Rantankerous: If a Polish sausage could talk, would it say it's - KSLA News 12 Shreveport, Louisiana News Weather & Sports

Rantankerous: If a Polish sausage could talk, would it say it's a hot dog?

Yep, that's how much George hates hot dogs. (Source: Bitstrips) Yep, that's how much George hates hot dogs. (Source: Bitstrips)

Rantankerous [ran-tank'uhr-us] (adjective) - A combination of rant [to speak in a wild or extravagant manner] and cantankerous [contentious, disagreeable]. The word is the only suitable description for the arguments between Brian "What We Learned" Tynes and George "Hot Reads" Jones.

(RNN) – The exploits of American hero Joey “Jaws” Chestnut were on display Friday afternoon as he triumphantly gobbled 61 hot dogs to win the Nathan’s Famous Hot Dog Eating Contest.

According to legend, the contest started during World War I when a group of immigrants were arguing over who was the most patriotic among them. To settle the dispute, they decided to have a hot dog eating contest, the winner of which would never again suffer the indignity of having his patriotism besmirched.

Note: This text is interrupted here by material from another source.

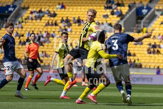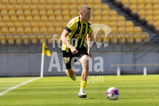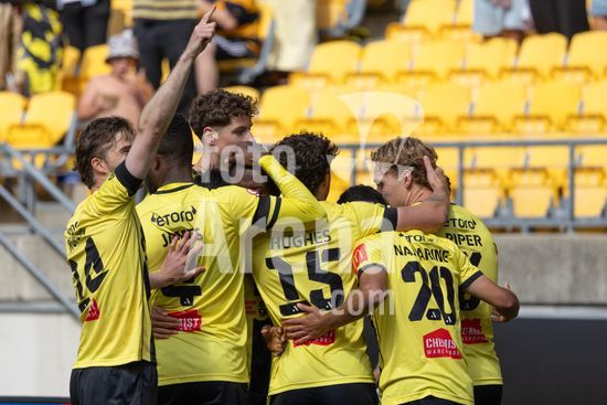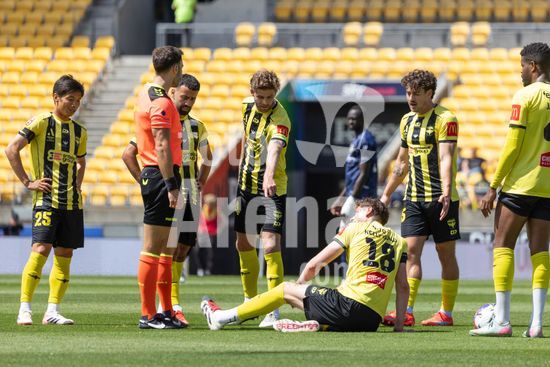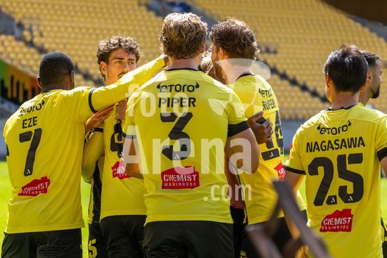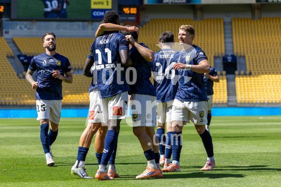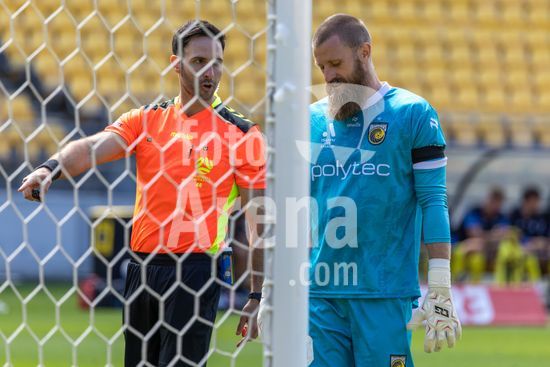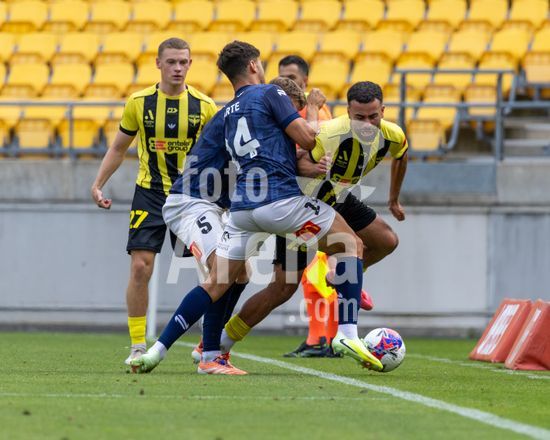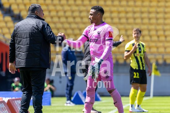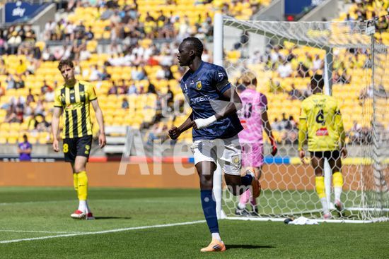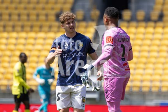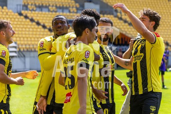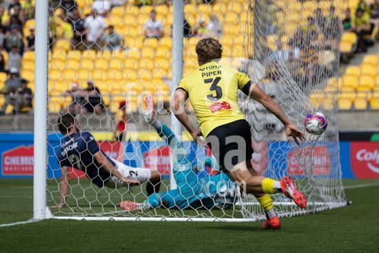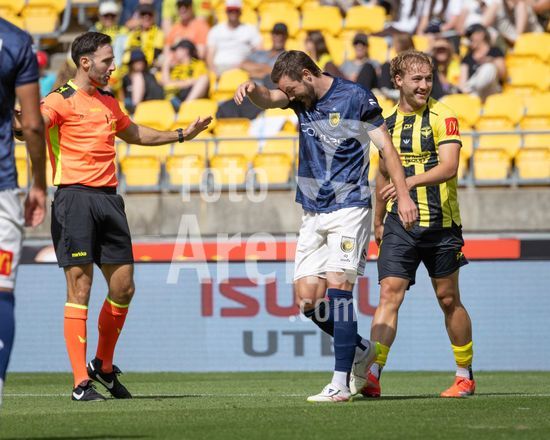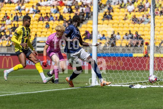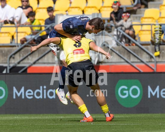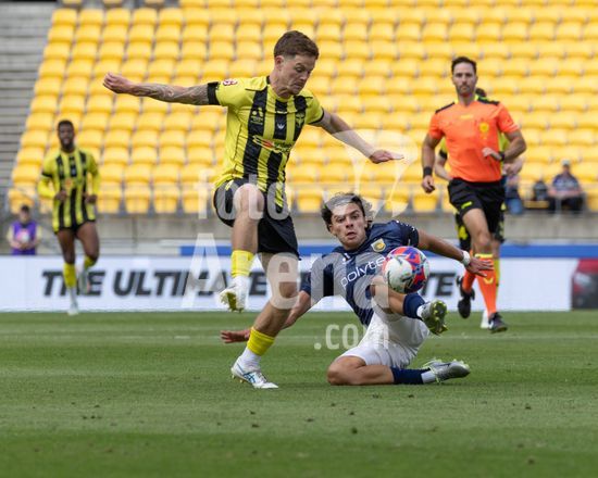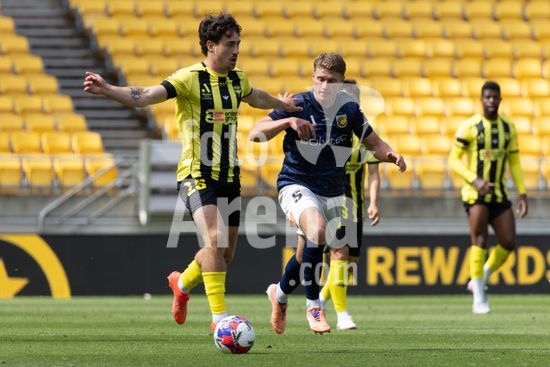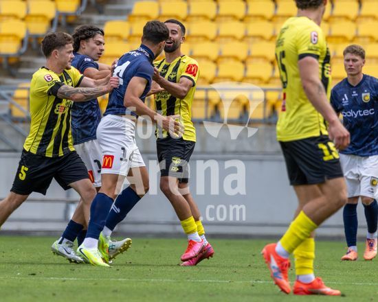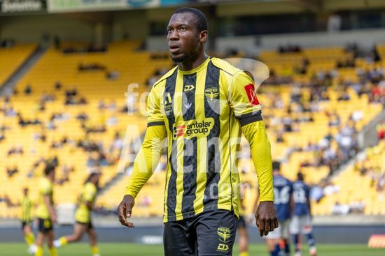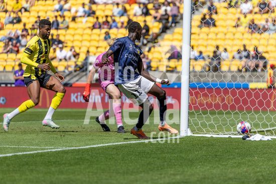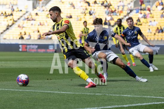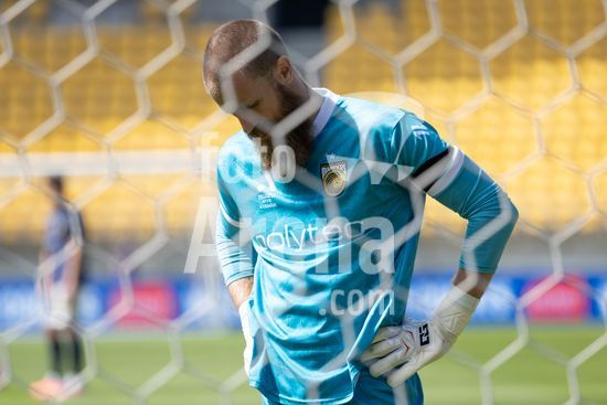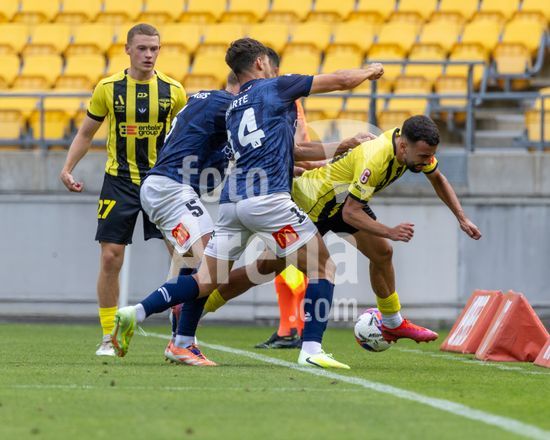 O atacante do Wellington, Ifeanyi Eze, protege a bola da tentativa de desarme do ponta do Central Coast, Christian Theoharous. Wellington Phoenix x Central Coast Mariners. Isuzu Ute A-League, 9ª rodada. Sky Stadium. Wellington. Nova Zelandia. Vitoria do Wellington Phoenix. Placar final: 3 a 1 (intervalo: 1 a 1). (Joe Serci / SPP)

It is in this vein that Chestnut – the world record holder with 69 hot dogs eaten – is considered to be the greatest American to ever live.

This week, Brian and George pale in comparison, estimating they’ve eaten about that many in the last 10 years rather than 10 minutes. Under a time limit, they could probably get about seven - combined.

Of course, the conversation can’t end there. The great sandwich debate flared up again and another topic over what actually constitutes a hot dog surfaced, leaving George on shaky ground when he claims that all forms of sausage are hot dogs.

Whatever it is that possesses a person to eat a few dozen hot dogs in a third the time of a sitcom isn’t known, but the stuffed-animal-box-hiding and illegal-birthday-gift-buying incidents in the weird news segment are attributable to meth. It isn’t known if the rabbit-punching anecdote in the same segment is attributable to anything other than extremely poor judgment.